| Exam Board | Edexcel |
|---|---|
| Module | M1 (Mechanics 1) |
| Session | Specimen |
| Marks | 15 |
| Paper | Download PDF ↗ |
| Mark scheme | Download PDF ↗ |
| Topic | Vectors Introduction & 2D |
| Type | Distance between two moving objects |
| Difficulty | Moderate -0.3 This is a standard M1 kinematics question using vectors with constant velocity. Parts (a) and (b) are routine applications of position = initial position + velocity × time. Parts (c) and (d) require setting up equations (bearing condition and distance formula) but involve straightforward algebraic manipulation. The multi-part structure and 15 marks suggest moderate length, but no novel insight is required—it's a textbook-style exercise slightly easier than average A-level difficulty. |
| Spec | 1.10c Magnitude and direction: of vectors1.10d Vector operations: addition and scalar multiplication1.10h Vectors in kinematics: uniform acceleration in vector form3.02a Kinematics language: position, displacement, velocity, acceleration |
Two cars $A$ and $B$ are moving on straight horizontal roads with constant velocities. The velocity of $A$ is $20 \text{ m s}^{-1}$ due east, and the velocity of $B$ is $(10\mathbf{i} + 10\mathbf{j}) \text{ m s}^{-1}$, where $\mathbf{i}$ and $\mathbf{j}$ are unit vectors directed due east and due north respectively.

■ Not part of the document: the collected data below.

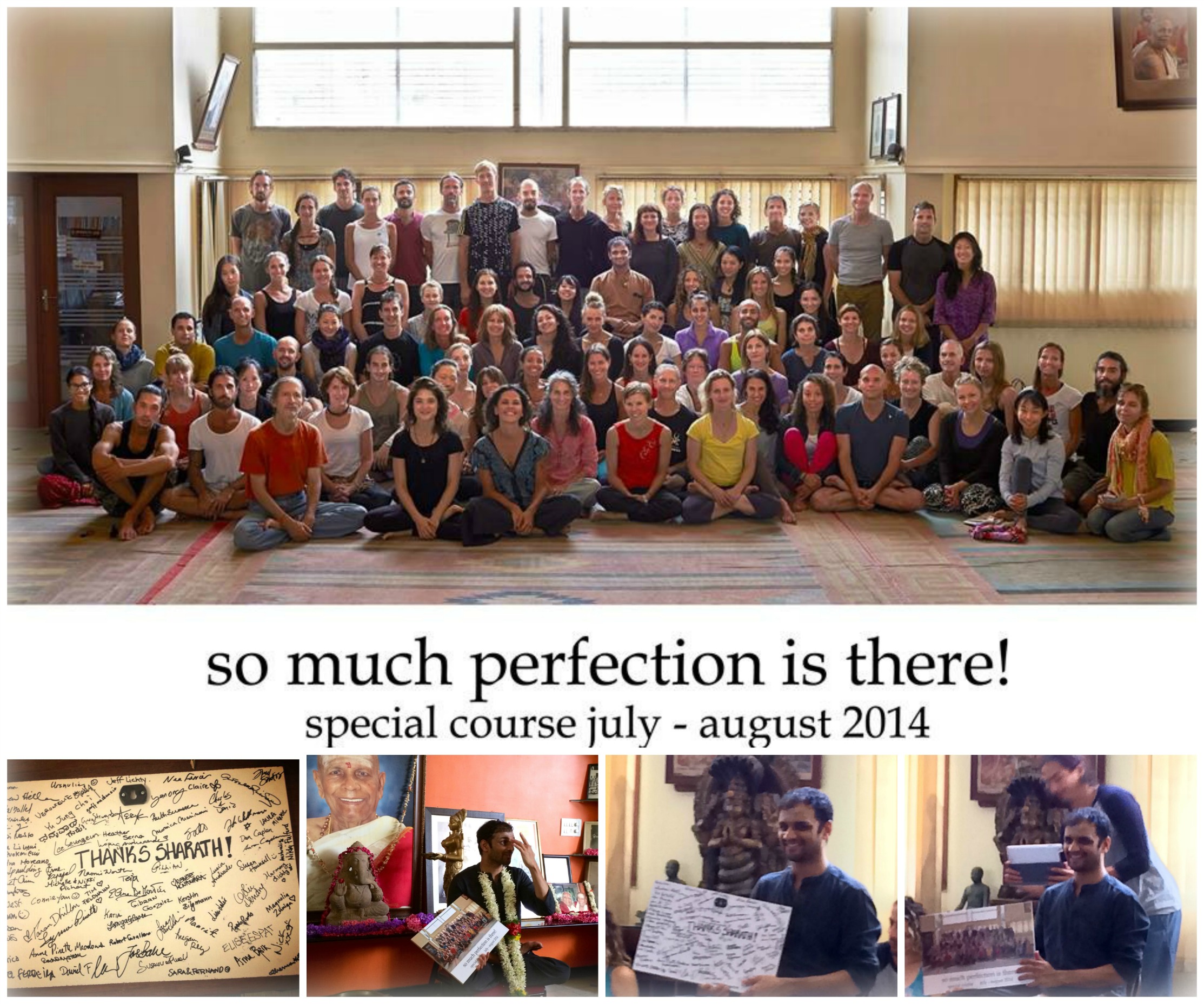 這次的課程開放給所有符合資格的導師申請報名。錄取大概百分之四十左右的報名者。以今時今日要來Mysore朝聖的難度指標相比,這回全體約一百人的課程,算是超幸福的“小班制”了。除了沒有新生,沒有初學者以外,與會者的體位程度卻是有小小“爆燈”的嫌疑,接近百分之六十的同學已進階三級;大部份的同學都是來了10-15次的資深練習者、最少的是第三次,最多的是第二十五次!其他各方面的樣本比例倒是跟普通季節差不多,年齡層也跟平常時候一般,介於二八到七二之間。國籍比例也跟Ashtanga的國際滲透演變史吻合。放眼皆是金髮碧眼的白種人;有南、北美、有東、西歐再加少部分的亞裔人士。令人訝異的是沒有日本人也沒有台灣人。同學發現我是住日本的華人,都跑來問我為甚麼。我倒真的是一問三不知!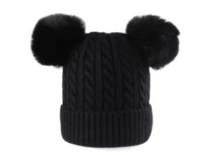 Dievčenská zimná čiapka s veľkými brmbolcami pripomína roztomilé zvieratko s uškami.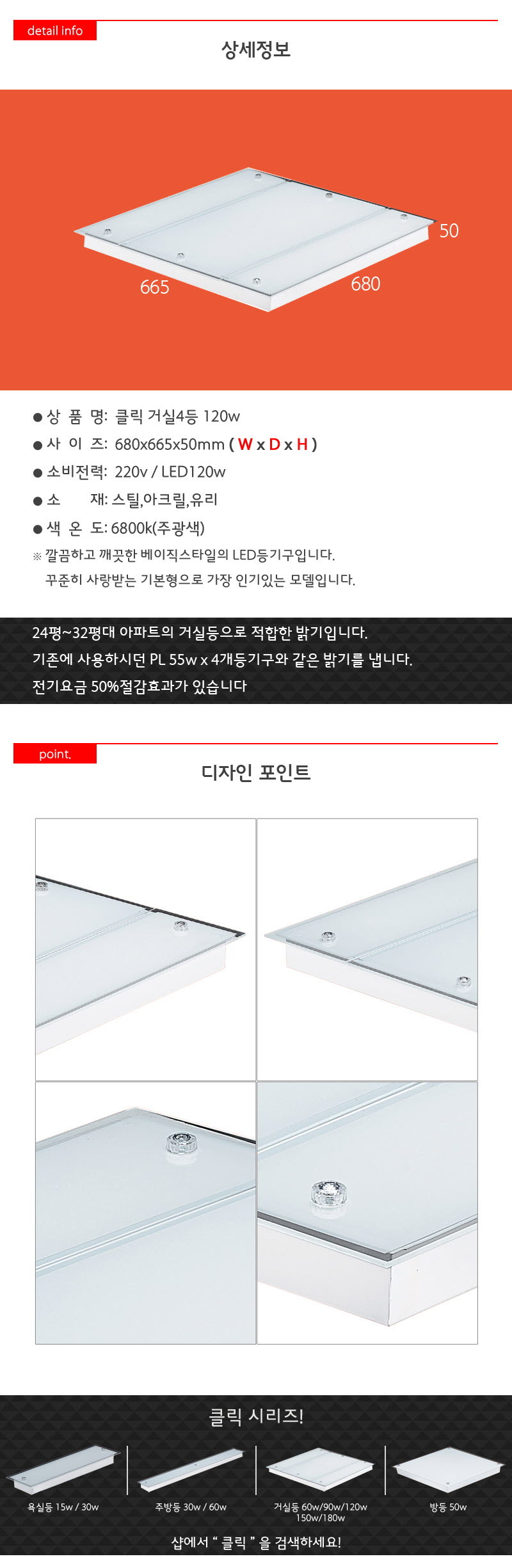 클릭 거실4등 LED 120W 절전형 이미지/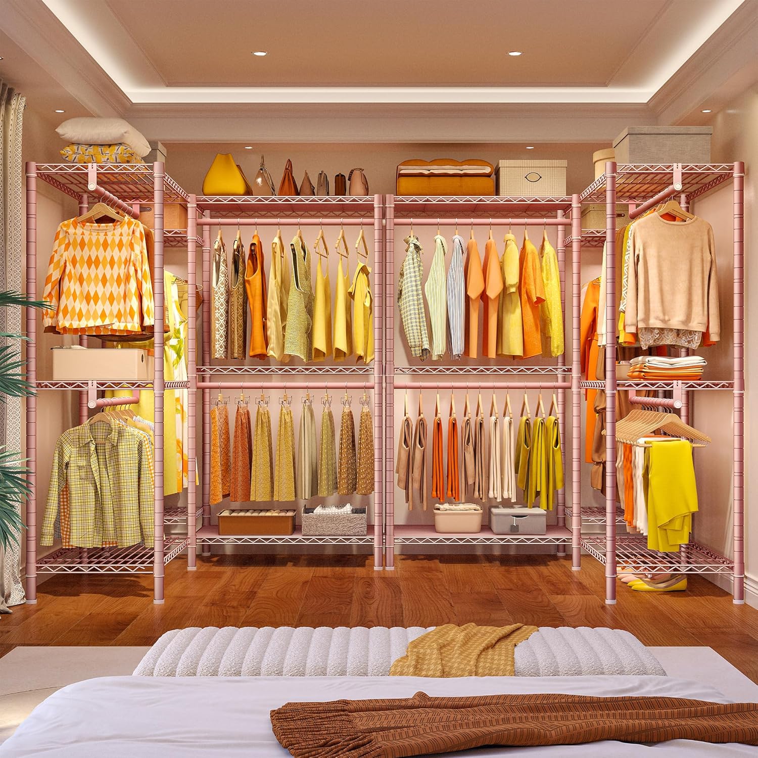 Raybee Clothes Rack,Clothing Racks for Hanging Clothes Heavy Duty,Adjustable Garment Rack with Shelves,Rolling Clothes Rack Max Load 905LBS,75" W x 77" H x 17.8" D Pink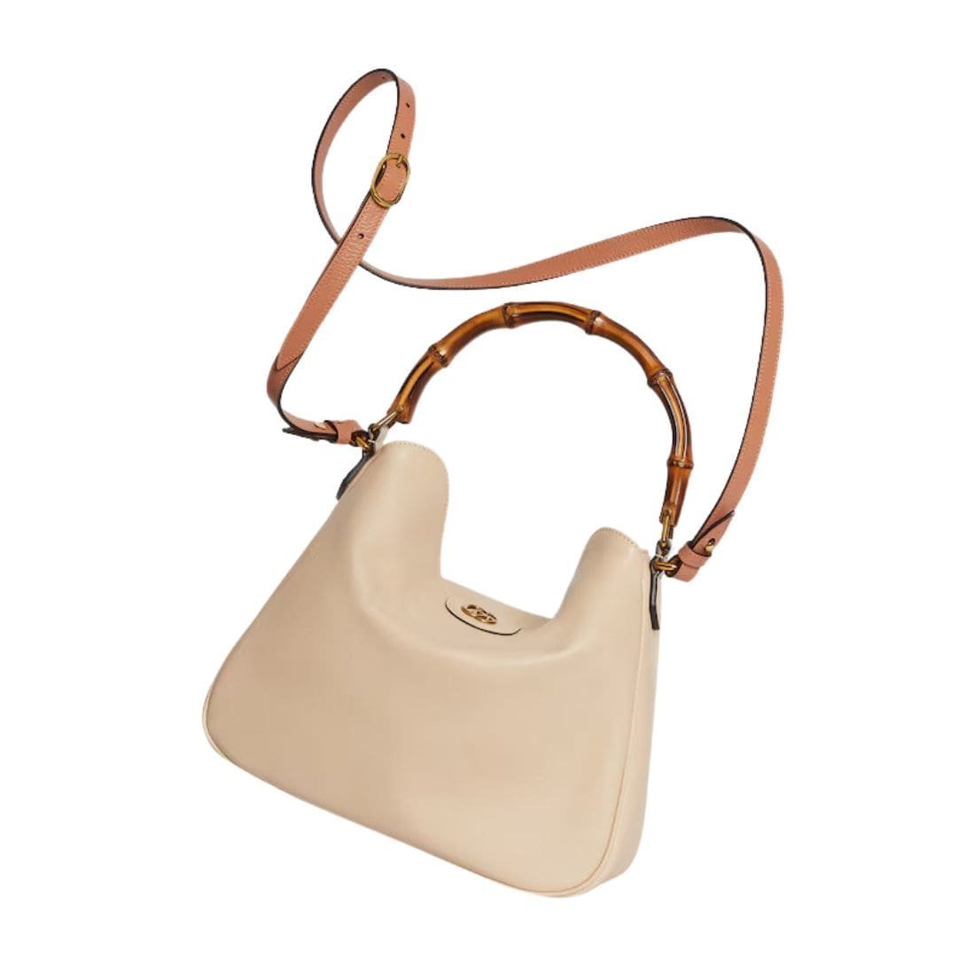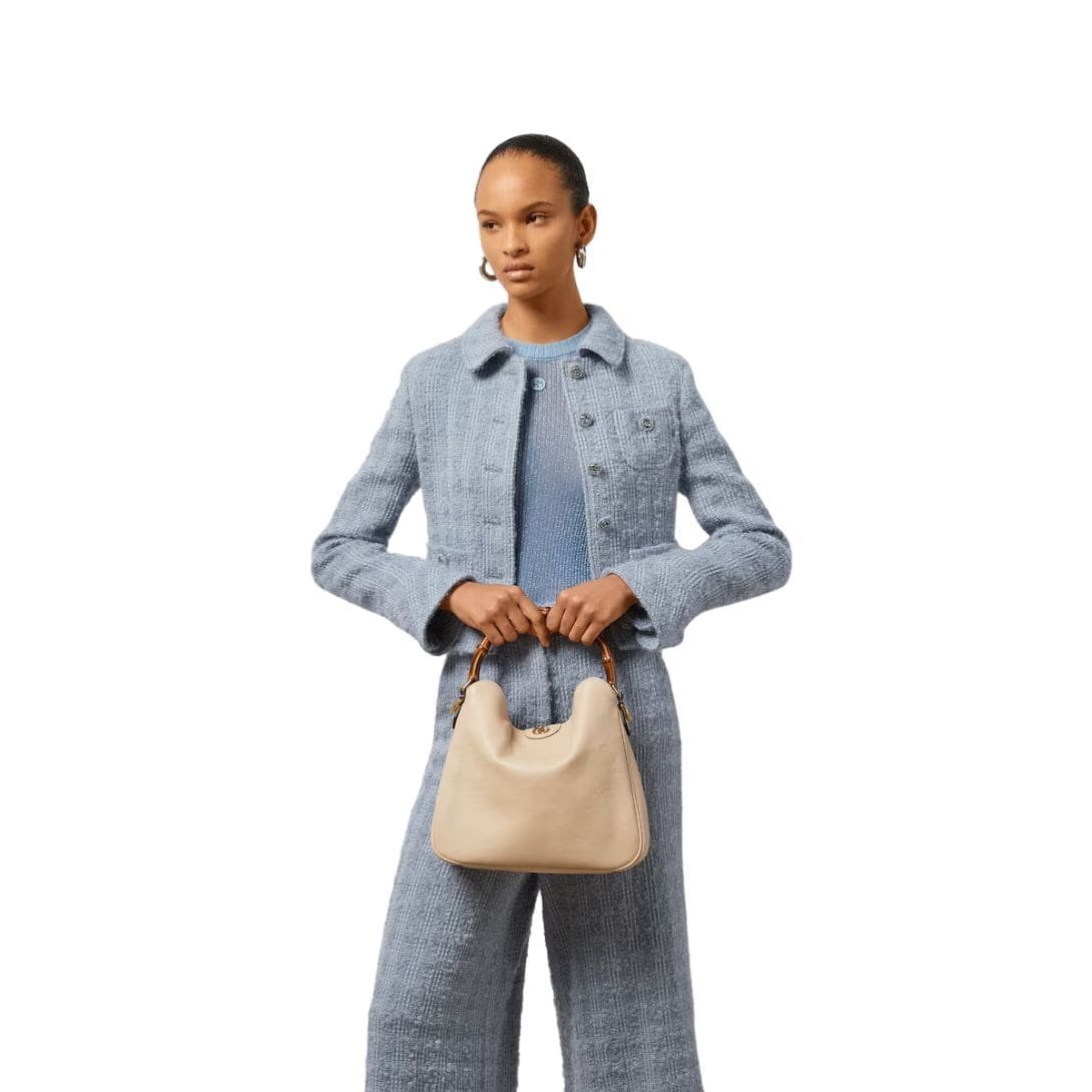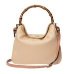 The Diana bag is rendered in rich, supple leather, available in a variety of classic hues and contemporary shades, each meticulously selected to complement its design. The bag’s structure is defined by its clean lines and gently rounded edges, which lend it a refined, understated charm. A standout feature is its iconic bamboo handle, a nod to Gucci’s heritage, which adds a touch of vintage allure and artisanal craftsmanship. GUCCI DIANA MEDIUM SHOULDER BAG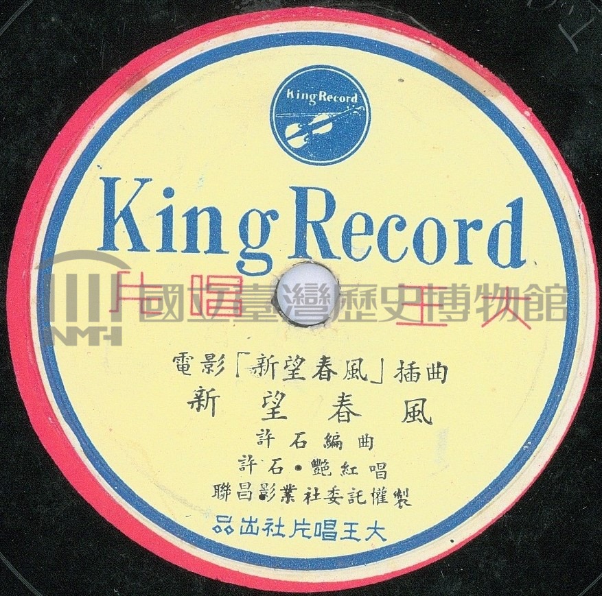 新望春風 演出者許石、艷紅演唱關鍵詞#唱歌 #流行歌 #電影內容電影新望春風插曲,以日治時期流行歌〈望春風〉改編,加上第三段歌詞讓故事有美好結局。聲音載體留聲機唱片發行編號大王 (King)專輯年份《台灣歌曲:新望春風、憶親情》1954~1957專輯資訊聯昌影業委託灌製,許石編曲,大王唱片管弦樂團伴奏。其他曲目曲目-憶親情來源專案許石生平研究案(2019) 相關照片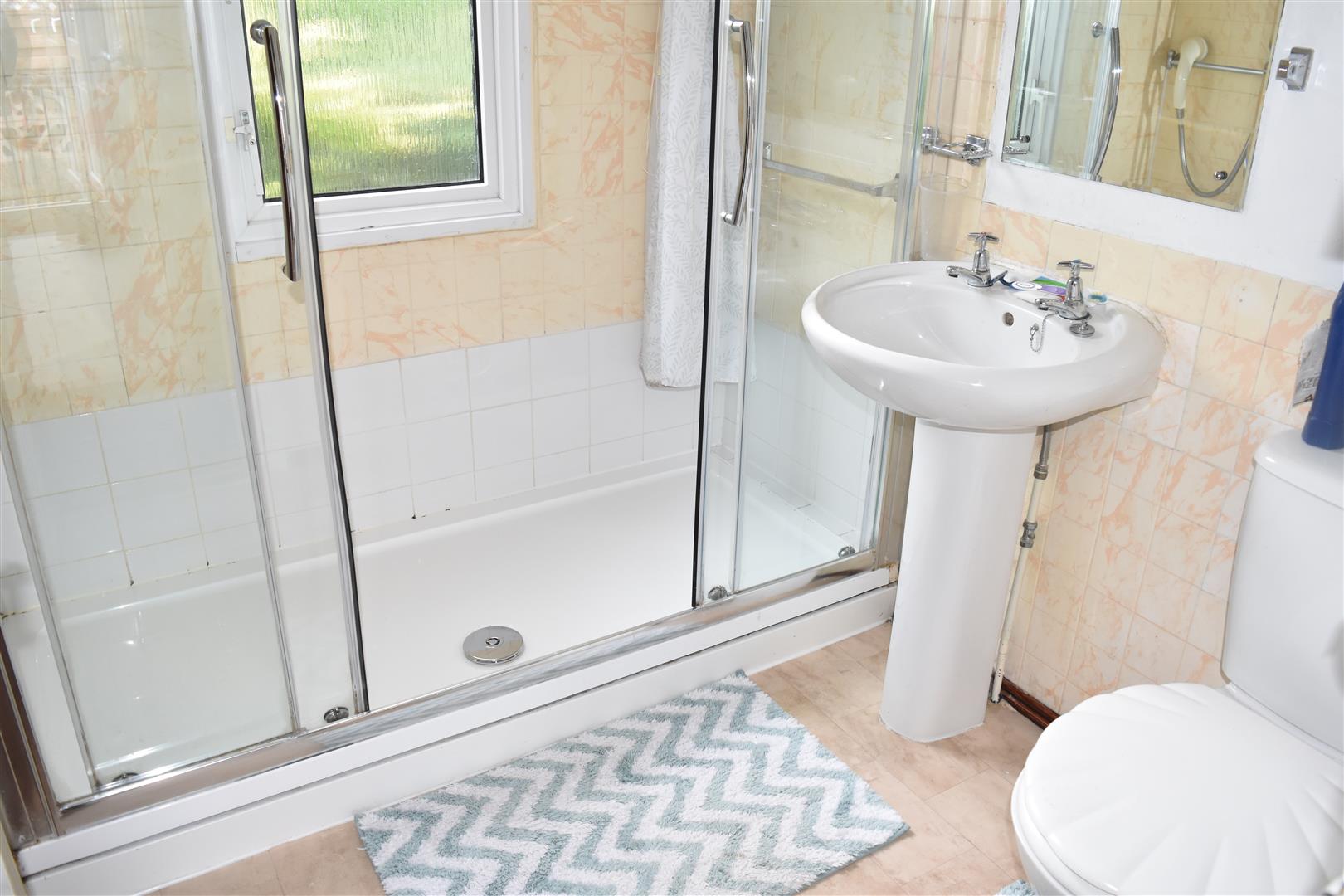 Modern white suite comprising: Double shower cubicle with Mira Zest electric shower over, low level W.C., pedestal hand wash basin and taps, radiator, ceiling coving, storage cupboard, double glazed window to side aspect.

Initially $A$ is at the fixed origin $O$, and the position vector of $B$ is $300\mathbf{j}$ m relative to $O$. At time $t$ seconds, the position vectors of $A$ and $B$ are $\mathbf{r}$ metres and $\mathbf{s}$ metres respectively.
\begin{enumerate}[label=(\alph*)]
\item Find expressions for $\mathbf{r}$ and $\mathbf{s}$ in terms of $t$. [3]
\item Hence write down an expression for $\overrightarrow{AB}$ in terms of $t$. [1]
\item Find the time when the bearing of $B$ from $A$ is $045°$. [5]
\item Find the time when the cars are again 300 m apart. [6]
\end{enumerate}
\hfill \mbox{\textit{Edexcel M1 Q7 [15]}}